Les gènes « sauteurs »
Patrick Berche. Une histoire des microbes. John Libbey Eurotext.

Dans les années 50, on découvrit le phénomène de la lysogénie. Certains virus peuvent s'intégrer dans les chromosomes des bactéries et modifier leur patrimoine génétique. Ainsi, les bactéries sont capables d'acquérir des gènes nouveaux au cours de leur existence et donc des capacités nouvelles (comme la production de toxine) qui peuvent faciliter leur adaptation à l'environnement ou modifier leur pouvoir pathogène. C'était en apparence une exception à la vision d'un génome immuable alors largement acceptée. On pouvait dire que les bactéries étaient en quelque sorte « lamarckiennes »5, c'est-à-dire capables d'acquérir au cours de leur existence des gènes nouveaux qui leur permettent de mieux s'adapter à l'environnement. En fait, cette plasticité du génome allait s'avérer vraie pour l'ensemble du monde vivant, des plantes aux animaux, y compris l'homme. Cette grande percée conceptuelle vint des découvertes remarquables de Barbara McClintock (1902-1992). Entrée en 1942 au département de génétique de Cold Spring Harbor où elle travaillera toute sa vie en toute liberté, cette jeune généticienne américaine allait bouleverser les fondements de la génétique par la mise au jour des étonnantes propriétés de certains gènes du maïs. Travaillant sur cette espèce végétale, elle découvrit en 1944 deux nouveaux « gènes » aux propriétés insolites 6. En 1948, elle montra de façon très surprenante que ces gènes changeaient de position sur les chromosomes du maïs et semblait influencer l'activité des gènes situés à leur proximité. Ces « gènes sauteurs » furent les premiers éléments mobiles décrits. Ces observations lui firent développer une théorie révolutionnaire selon laquelle ces gènes mobiles (ou « éléments mobiles ») avaient pour fonction de moduler l'activité des autres gènes, en inhibant ou en stimulant leur activité 7. Cette théorie largement confirmée par la suite brisait le dogme de l'immuabilité d'un patrimoine génétique et proposait l'idée d'une plasticité des génomes. Elle présenta en 1951 sa découverte et ses hypothèses sur l'élément mobile Ac du maïs dans l'incompréhension et l'indifférence générale. Trente-deux ans plus tard en 1983, elle reçut le prix Nobel pour cette découverte.

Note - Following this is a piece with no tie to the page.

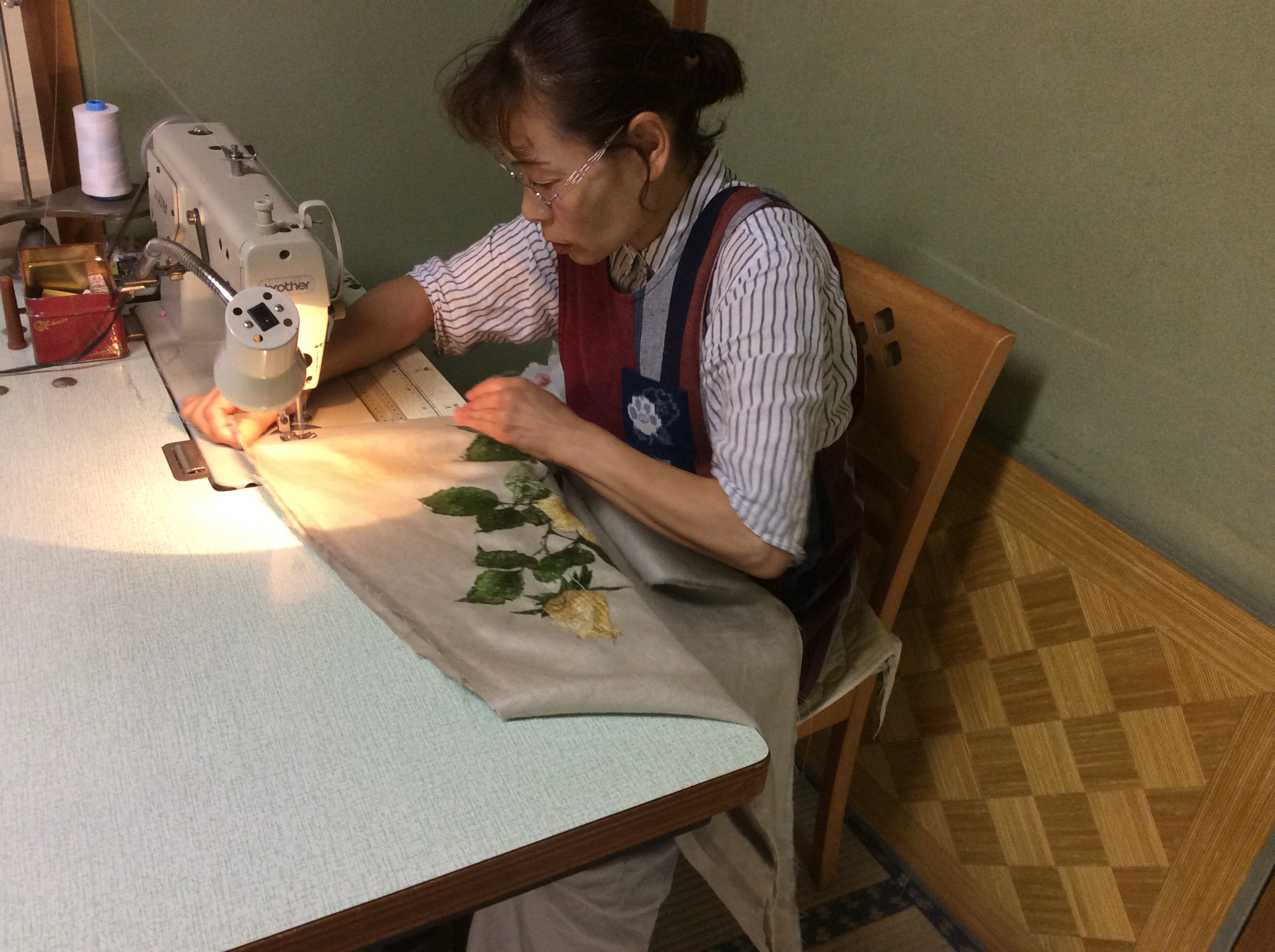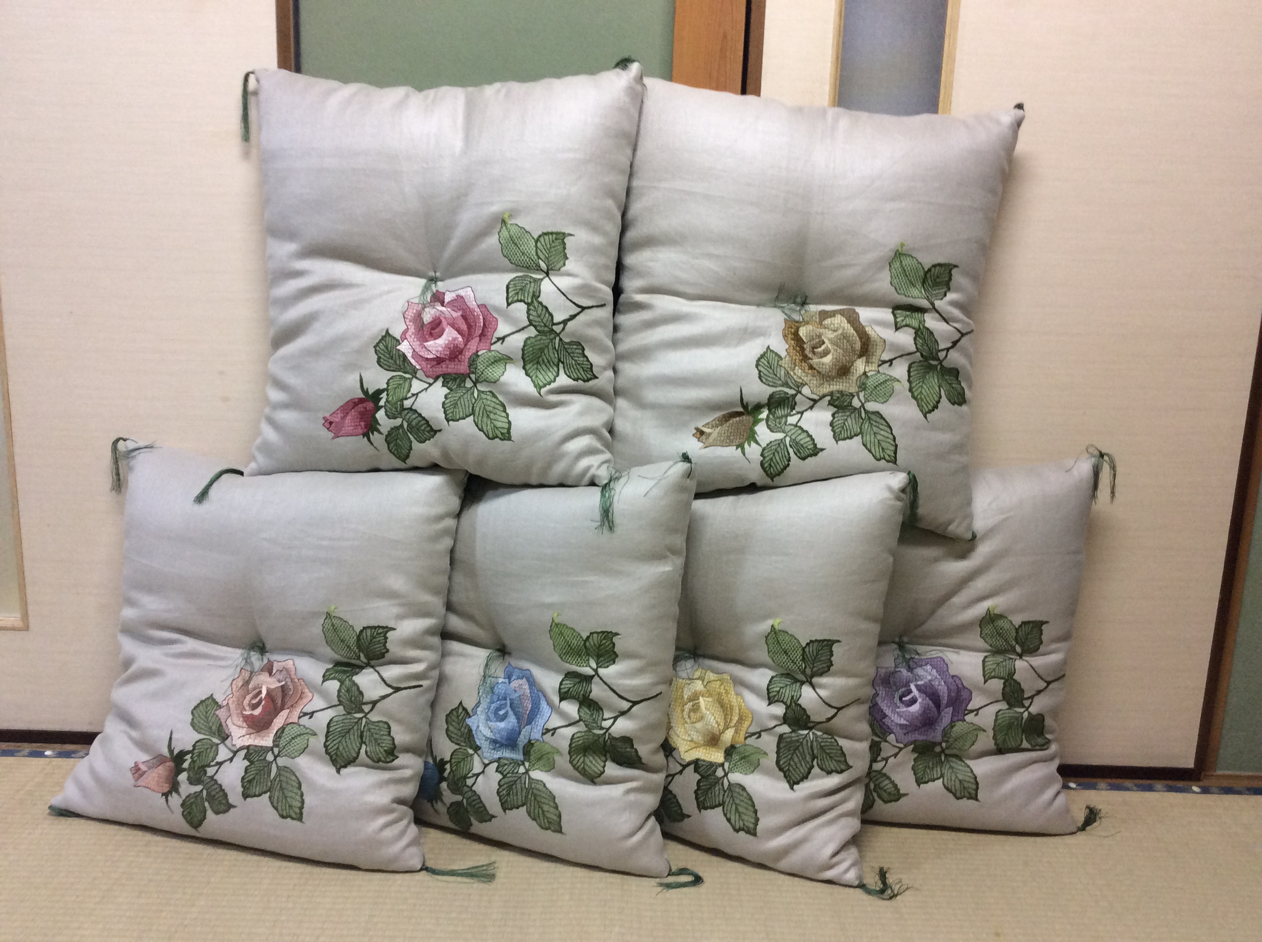 お客様の作られた刺繡入りの生地で座布団つくり

Le caractère infectieux des éléments génétiques mobiles fut par la suite mis en évidence chez la mouche du vinaigre (Drosophila) par les travaux de Margaret G. Kidwell à partir de 1977. Il fut montré qu'existent dans les chromosomes de cette mouche plusieurs dizaines de copies d'un élément génétique mobile désigné P, « transposables » (on les appellera « transposons » ). On s'aperçut que le génome des souches de l'espèce Drosophila melanogaster isolées dans la nature avant les années 40 était dépourvu d'élément P. A partir des années 50, l'élément P apparut chez des individus de cette espèce jusque-là indemne. L'apparition de ces éléments mobiles entraînait dans certaines conditions des anomalies génétiques 8. Ces éléments provenaient en fait d'une autre espèce de mouche d'origine américaine, Drosophila willistoni. Les deux espèces avaient divergé il y a 60 millions d'années. Drosophila melanogaster est d'abord apparue en Afrique de l'Ouest et s'est dispersée à travers le monde en suivant les migrations humaines, devenant une espèce cosmopolite, alors que Drosophila willistoni a vécu de façon casanière en Amérique latine. Cette dernière espèce porte à l'état naturel l'élément P. Les deux espèces se sont côtoyées à partir du XIX` siècle lorsque l'espèce cosmopolite fut importée par les échanges maritimes et s'implanta en Amérique. Le passage de l'élément P chez les mouches cosmopolites a pu se faire par l'intermédiaire d'un virus ou d'un petit acarien piqueur, puis la dissémination dans l'espèce se serait faite par croisement des mouches « saines » et des mouches « P ». La diffusion de l'élément P chez ces mouches s'apparente bien à un phénomène de nature infectieuse.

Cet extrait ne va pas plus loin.